I would write much more about all of this, but it is time for bed. I really, really, need to pull it together, face the music, take my lumps, and move on with school and the rest of this term. I hope that I can salvage some of it. Even if I can, I will still have a lot of work to do, and I am hoping that maybe when I get into the lab, and start making progress on my work, the thin and whispery tendrils of hope will creep in again and I will pull out of my emotional nose-dive.

01 December 2009
Positive thinking is a must even at tough times. One way to do this is by being grateful with what we have and try to focus being optimistic so that good energy will arise.
Your link to that book makes me think that perhaps you're not very sincere in offering advice, maybe you're just another spammer.

I usually delete comments that direct people to items for sale because of the spam issue, but since what you said actually has some bearing to what I wrote, I'll leave it up. I may change my mind later, but right now, I am not sure. Deletion is still a possibility.


Addressing the comment specifically, no amount of positive thinking will ever change reality. To me, that is magic thinking, or as one my relatives might say, "just wishing something doesn't make it so."
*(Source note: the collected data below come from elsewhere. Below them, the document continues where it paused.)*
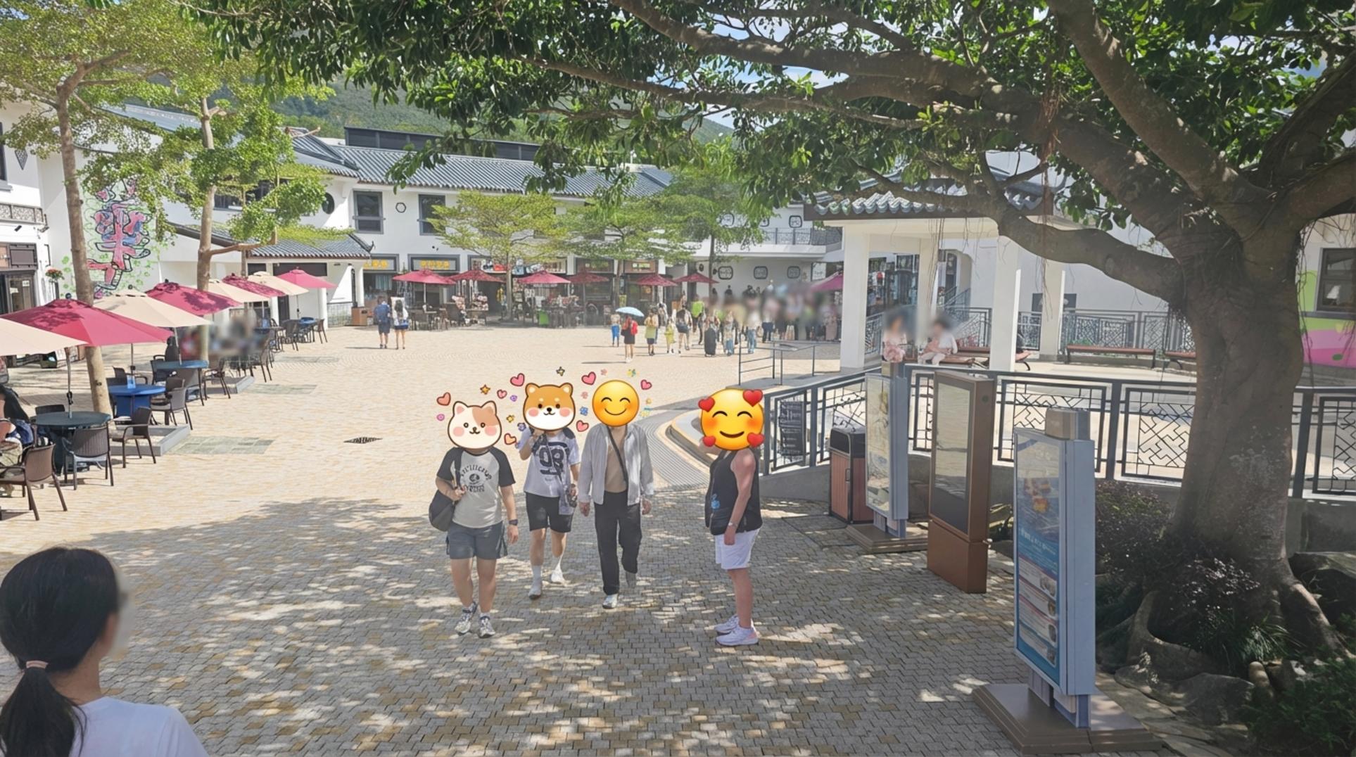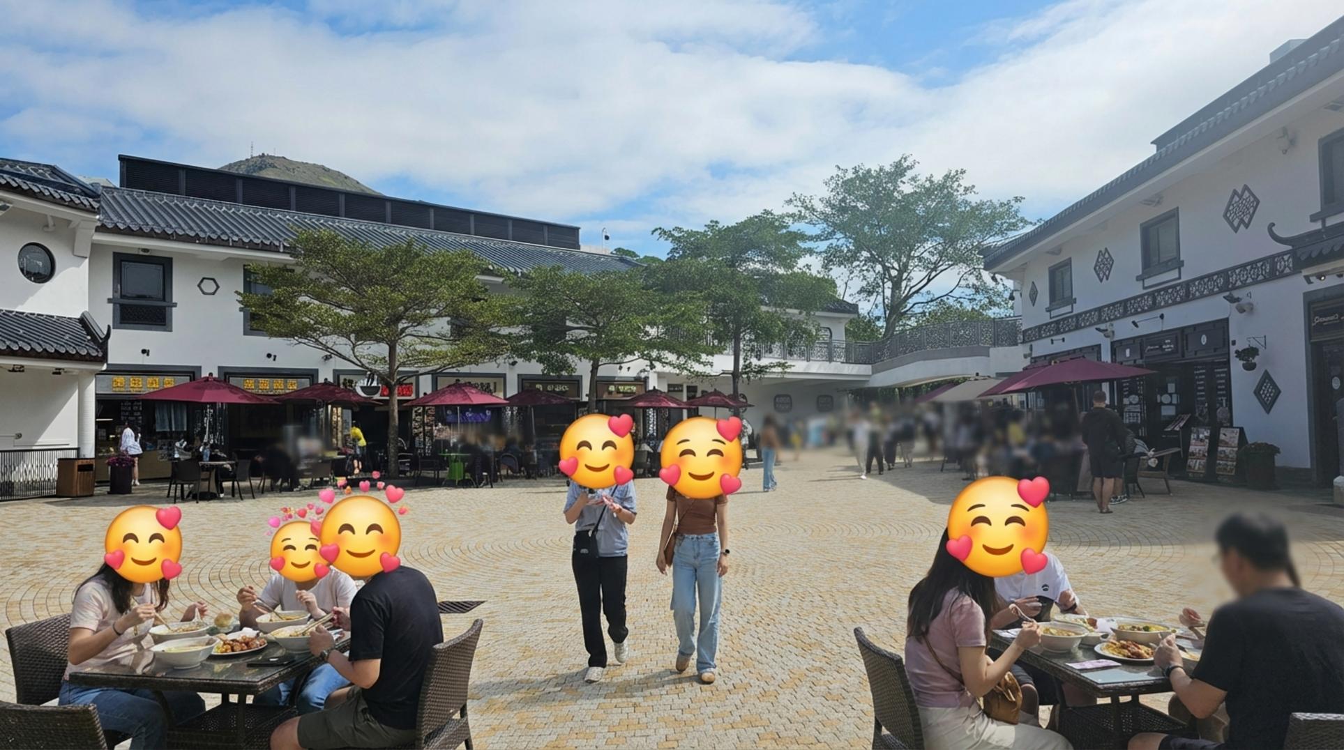 날씨가 어찌나 좋던지, 파란 하늘과 빨간 파라솔의 색감 대비가 정말 예뻤어요. 빅부다를 만나러 가기 전, 이 평화로운 광장에서 잠시 여유를 즐겼어요.
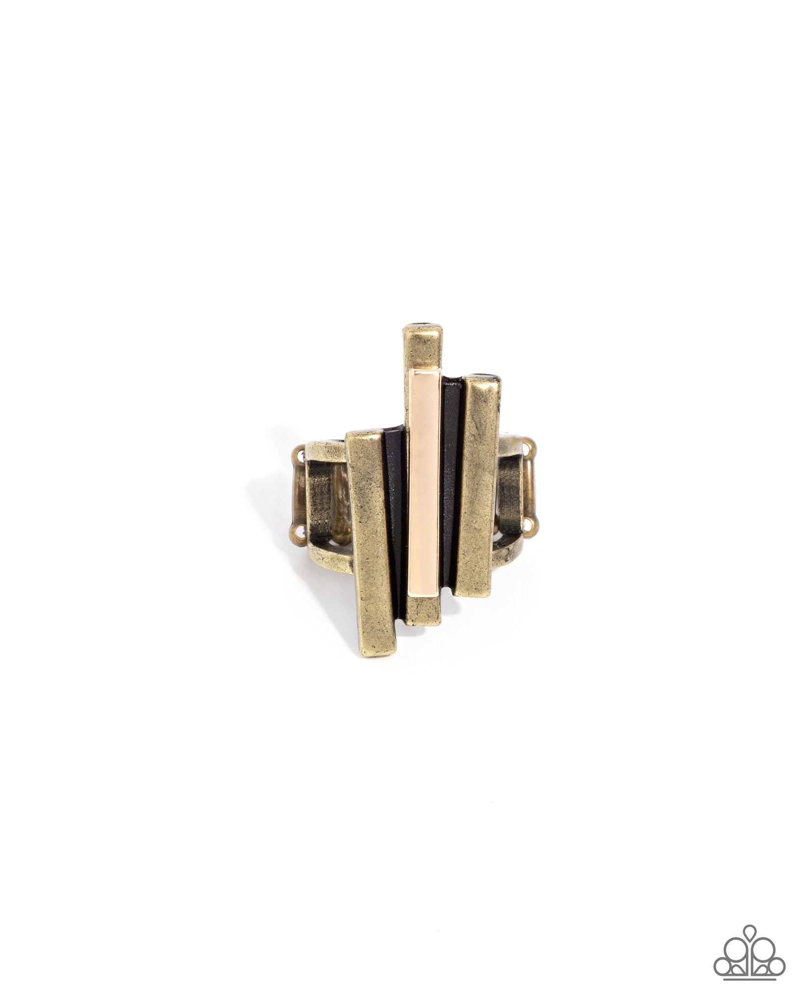 Sleek brass bars asymmetrically stack into an uneven band across the finger atop airy brass bands, resulting in an edgy fashion. An additional glistening gold bar is layered atop the centermost elongated brass bar for additional eye-catching detail. Features a stretchy band for a flexible fit.
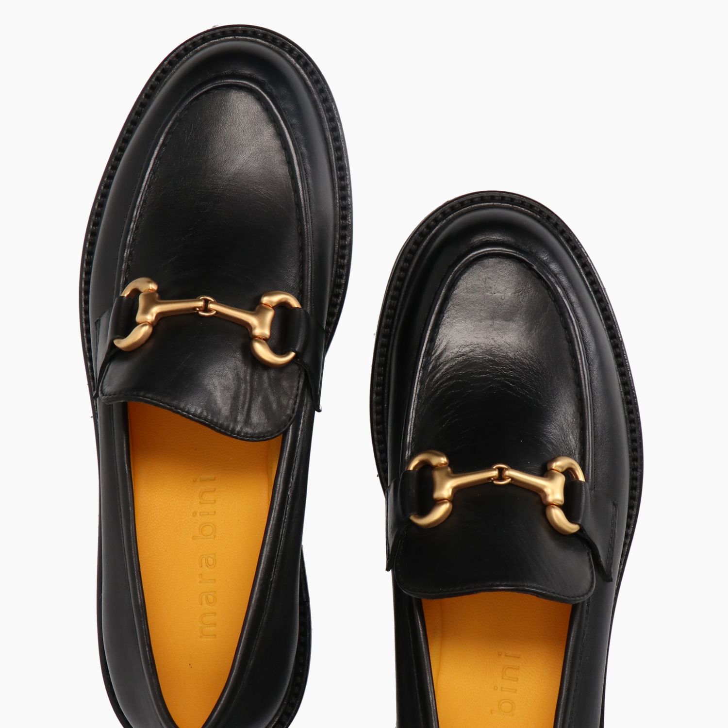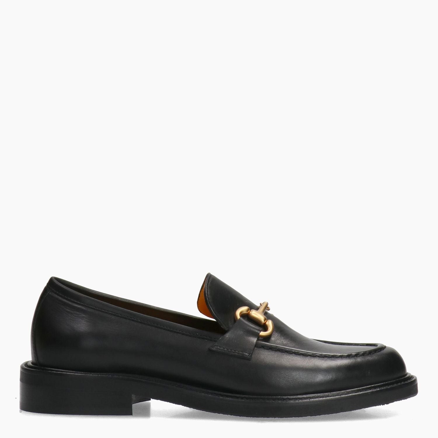 Black leather loafer with brass-plated buckle. Satchel-style leather interior. Non-slip rubber sole with 2.5 cm heel. Mara Bini women's Fall/Winter collection.

My depression is a medical issue that is often controlled by medication (when I can get it.) No amount of positive thinking will ever increase the specific chemicals in my brain that I happen to lack. To suggest otherwise is essentially to say that my depression isn't real, isn't based in something as medically tangible as virus or a broken bone, is something that is purely imaginary.
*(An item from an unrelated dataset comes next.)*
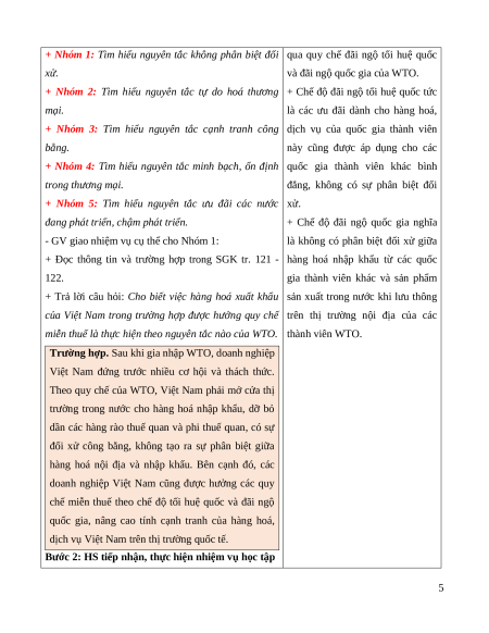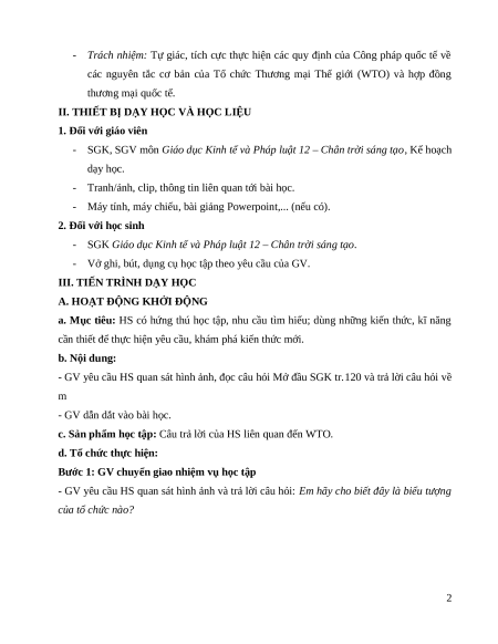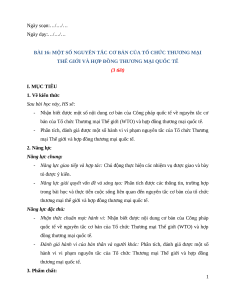 Giáo án Bài 16: Một số nguyên tắc cơ bản của Tổ chức Thương mại Thế giới KTPL 12 Chân trời sáng tạo

And I think that type of suggestion is very, very wrong, and even harmful to certain people with the same types of problems as me, but who might be more willing to believe in wishful thinking.
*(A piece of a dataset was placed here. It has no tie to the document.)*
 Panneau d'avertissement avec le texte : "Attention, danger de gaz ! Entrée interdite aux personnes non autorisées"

There is nothing wrong with hope, as long as hope doesn't erase practicality. Hope can be a strong motivator for change, but hope can also be a mere fantasy that offers no solutions, that works to prevent change.

And while I admit that hope alone might "sometimes" be a psychological balm against an internal struggle, the idea I am addressing in this post is one that says: thoughts alone can bring an outward material reward (non-internal) to those who think in a certain way. Essentially, the idea is that if I wish for five dollars, and somehow, the "Universe" brings me five dollars.

To suggest "positive thinking," that there is a "law of attraction," that will bring about change in an instance where the issue is something that can't be changed, cannot be bargained with, is often cruel. How many people, decent and honest people, have died thinking or hoping that they wouldn't. How many victims of the hurricane in New Orleans thought, "everything will work out soon enough, and we will be saved by someone," only to, in some cases, die. For me, there is plenty of evidence throughout the entire course of human history that ilustrates how positive thinking alone cannot not draw you benefits to the "universe."

Regardless, I respect that people can disagree on whether or not hope or positive thinking can make something bad actually better. I am definitely not one of those people, and if you genuinely are, that is okay with me. Live and let live. I share my opinions and you can share yours.

And yet. And yet, one last thing bothers me that I feel I should mention.

To earn a profit on a book that suggests something as harmful as magical thinking is, to my view, offensive and disgusting. One author decided to exploit someone else's "hope" to line their pockets with money by selling a book with such a bankrupt theory. An author consciously decided to enrich themselves off of what may be another person's suffering.

If this idea is so beneficial to other people, so revolutionary, why isn't the book being offered for free. If this idea worked (and I am convinced it doesn't), then it should be passed out to all the sick, poor, oppressed peoples of the world to make it a better place. And eliminating illness, poverty, and oppression would (or at least, should) be reward enough for anyone.